Economic support for green commodities and fuels: Carbon Contracts of difference

Shipping

Current status of implementation and existing gaps

For shipping, two different models of carbon contracts-for-difference have been proposed in the literature: the fuel version and the total cost of ownership model (Alex Clark et al., 2021). The former version intends to cover a part or the full costs of switching to a zero-emission fuel or provide infrastructure/retrofitting support. The later covers costs associated with building and operating low-emission ships.

Aviation

Current status of implementation and existing gaps

Innovative economic instruments are emerging to encourage heavy industries to switch to low-carbon processes. Such instruments could be useful in the production of SAF to guarantee revenue for fuel suppliers.

Examples and initiatives

In 2025, the UK government will develop a guaranteed strike price mechanism to support SAF development. If the reference price exceeds the strike price, the producer will pay the difference; if reference price is below the strike price, the producer will receive a payment. The mechanism aims to ensure revenue certainty for producers (UK Department for Transport, 2024).

Iron and steel

Current status of implementation and existing gaps

The introduction to carbon contracts-for-difference by Germany’s Federal Ministry for Economic Affairs and Energy outlines a market-driven approach that shares decarbonisation costs with cement producers. By guaranteeing a minimum abatement price over many years, Germany aims to unlock large-scale investments in carbon capture, alternative binders and next-generation cement kilns, ultimately driving deep emission cuts in one of Europe’s most carbon-intensive industries.

Examples and initiatives

Germany has launched a EUR 4 billion carbon contract-for-difference to provide financial support to energy-intensive industry to undertake climate-friendly investments. A second round, for EUR 19 billion, is also planned.

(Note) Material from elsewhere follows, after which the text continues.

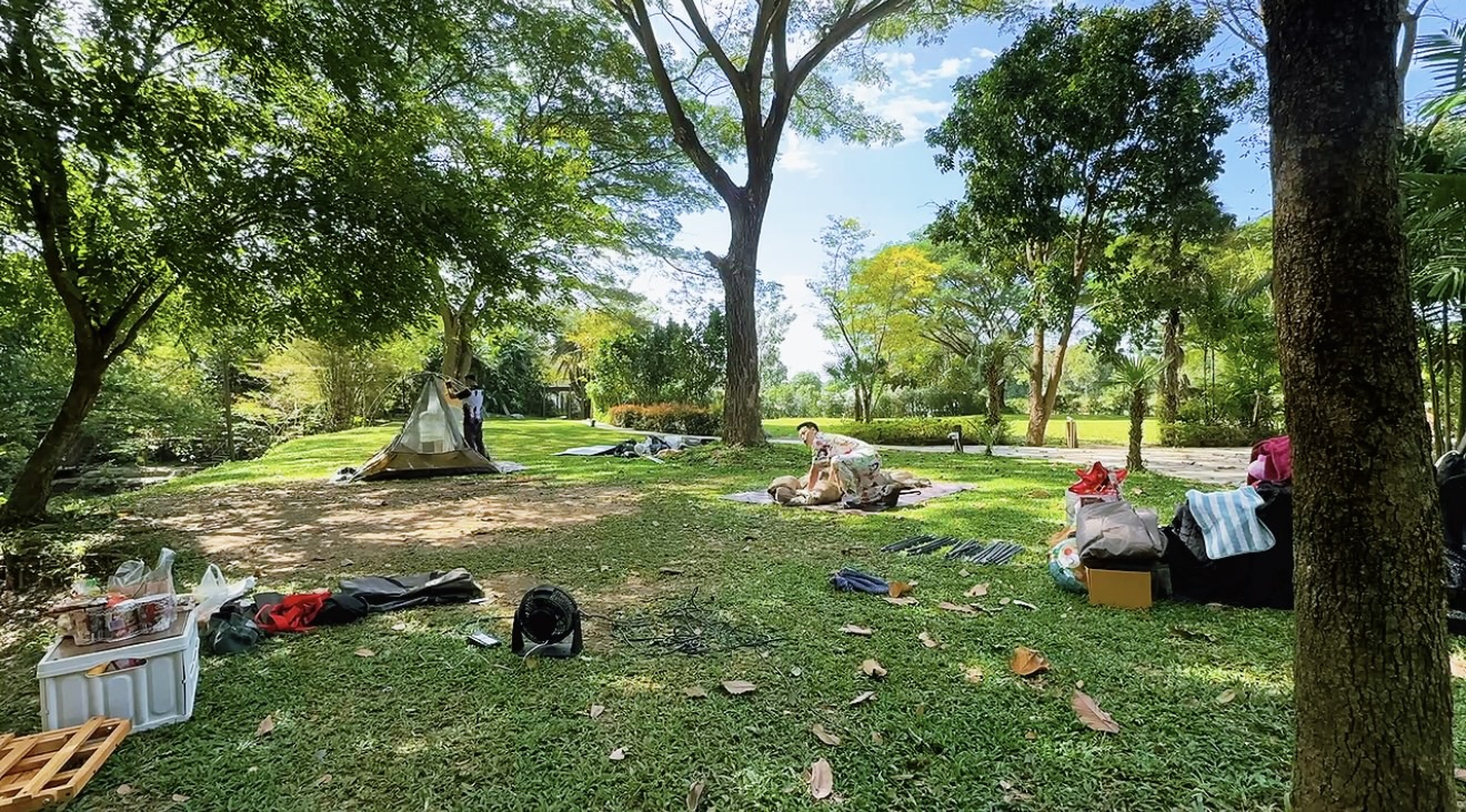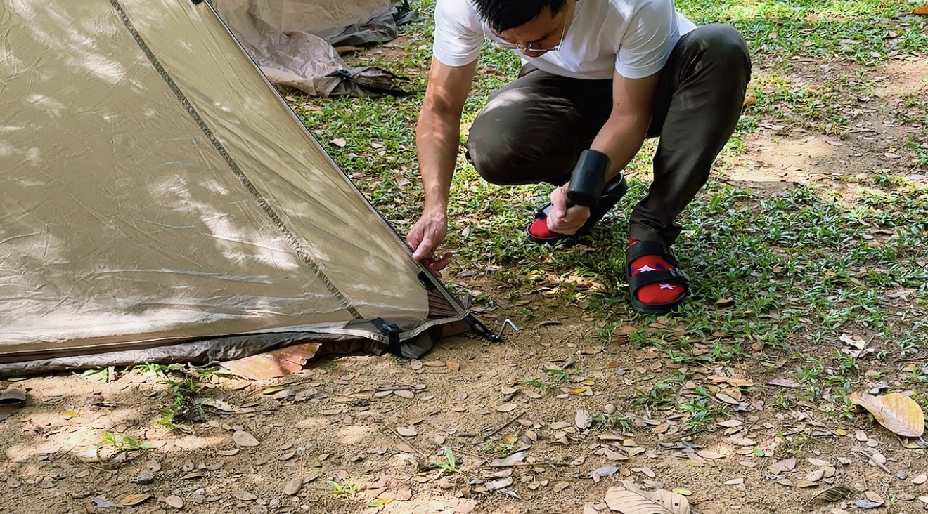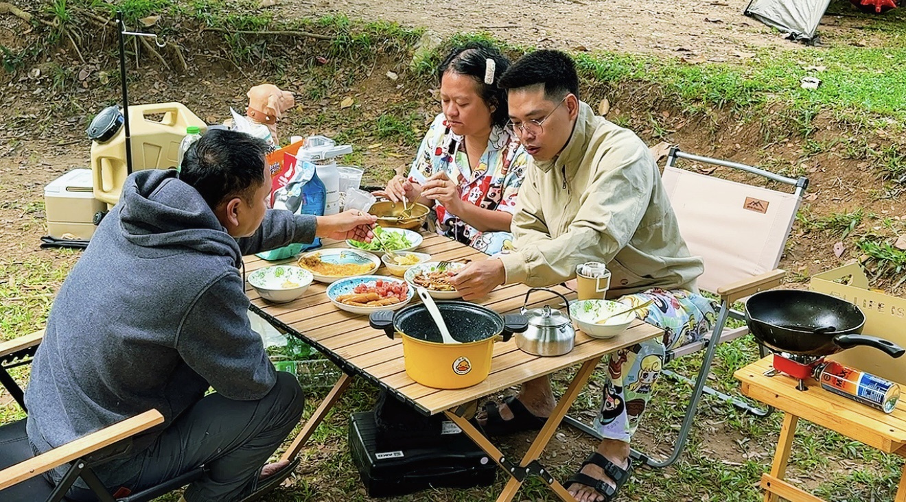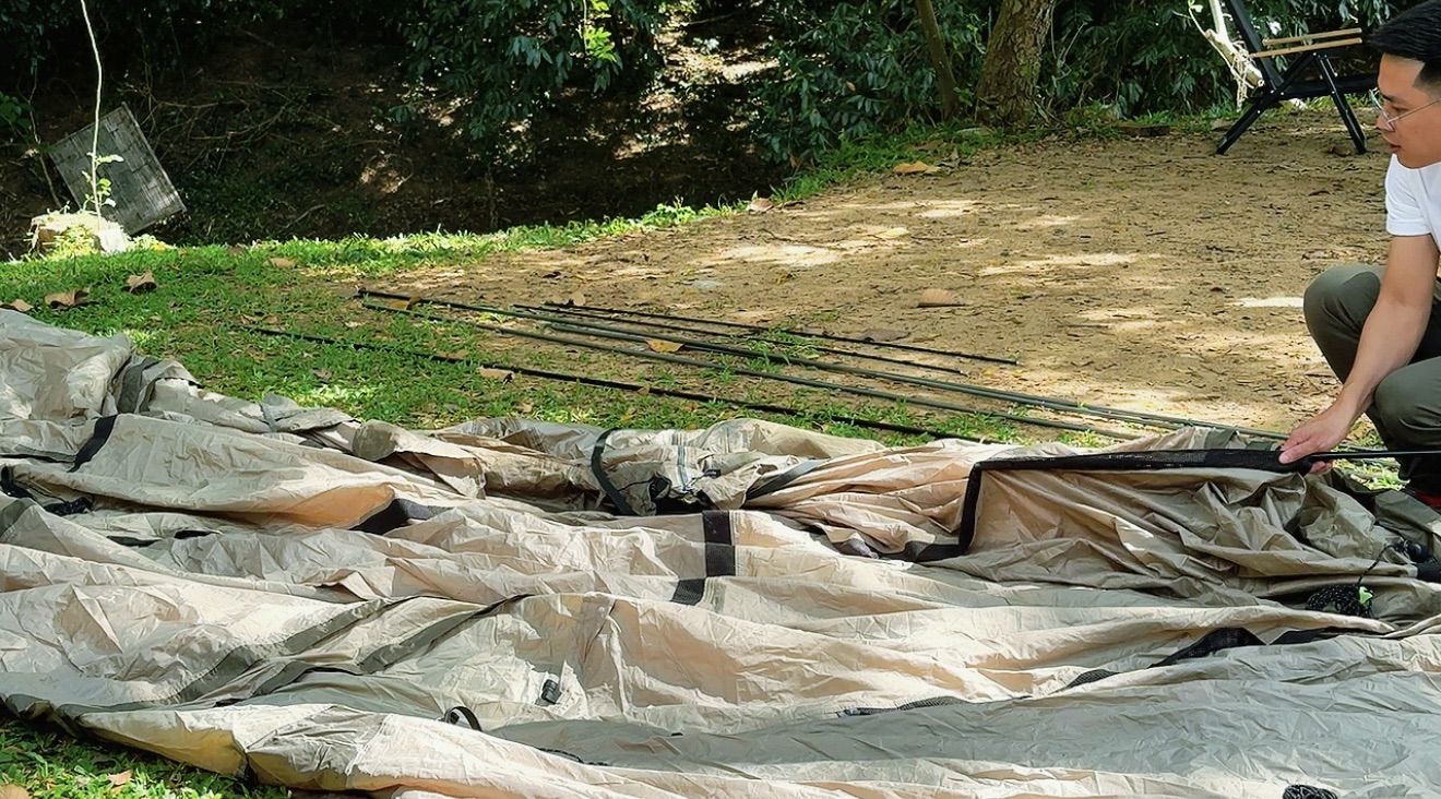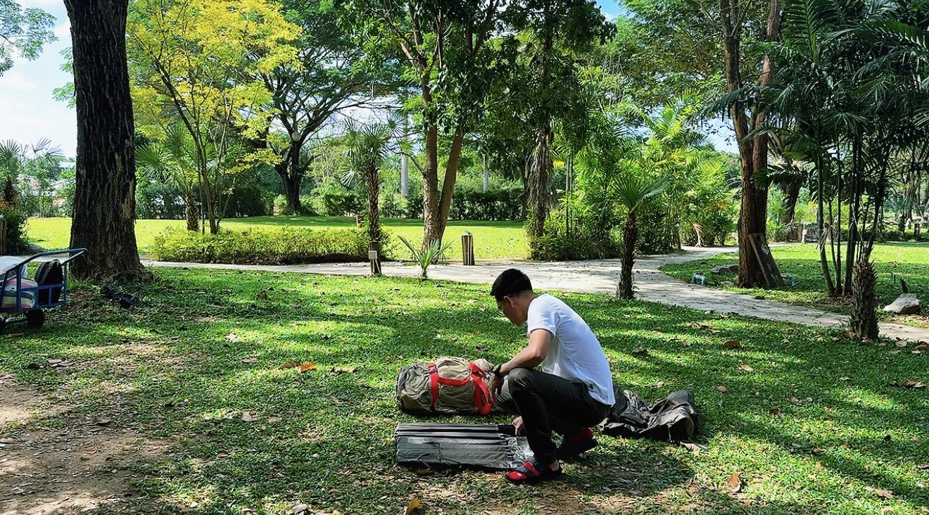 ครับ ที่นี่ต้นไม้ใหญ่เยอะมาก ทำให้ลานมีความร่มเย็นตลอดทั้งวัน ผมเลือกกางโซนติดริมลำธาร ซึ่งเป็นไฮไลท์เลยครับ นอนฟังเสียงน้ำไหลเพลินๆ แถมช่วงที่ผมไปอากาศเริ่มหนาวแล้ว กลางคืนอุณหภูมิลดลงจนต้องซุกตัวในถุงนอน ฟินสุดๆ เลยครับ 🥶

Chemical and petrochemical

Current status of implementation and existing gaps

Other economic instruments are emerging to encourage heavy industries, including the chemical and petrochemical sector, to switch to low-carbon processes.

Examples and initiatives

A prominent example is the launch of EUR 4 billion of carbon contracts-for-difference by Germany for its first bidding.

Cement

Current status of implementation and existing gaps

Other economic instruments are emerging to encourage heavy industries to switch to low-carbon processes. A prominent example is the contracts-for-difference in the heavy industries.

Examples and initiatives

The introduction to carbon contracts-for-difference by Germany’s Federal Ministry for Economic Affairs and Energy outlines a market-driven approach that shares decarbonisation costs with cement producers. By guaranteeing a minimum abatement price over many years, Germany aims to unlock large-scale investments in carbon capture, alternative binders and next-generation cement kilns, ultimately driving deep emission cuts in one of Europe’s most carbon-intensive industries.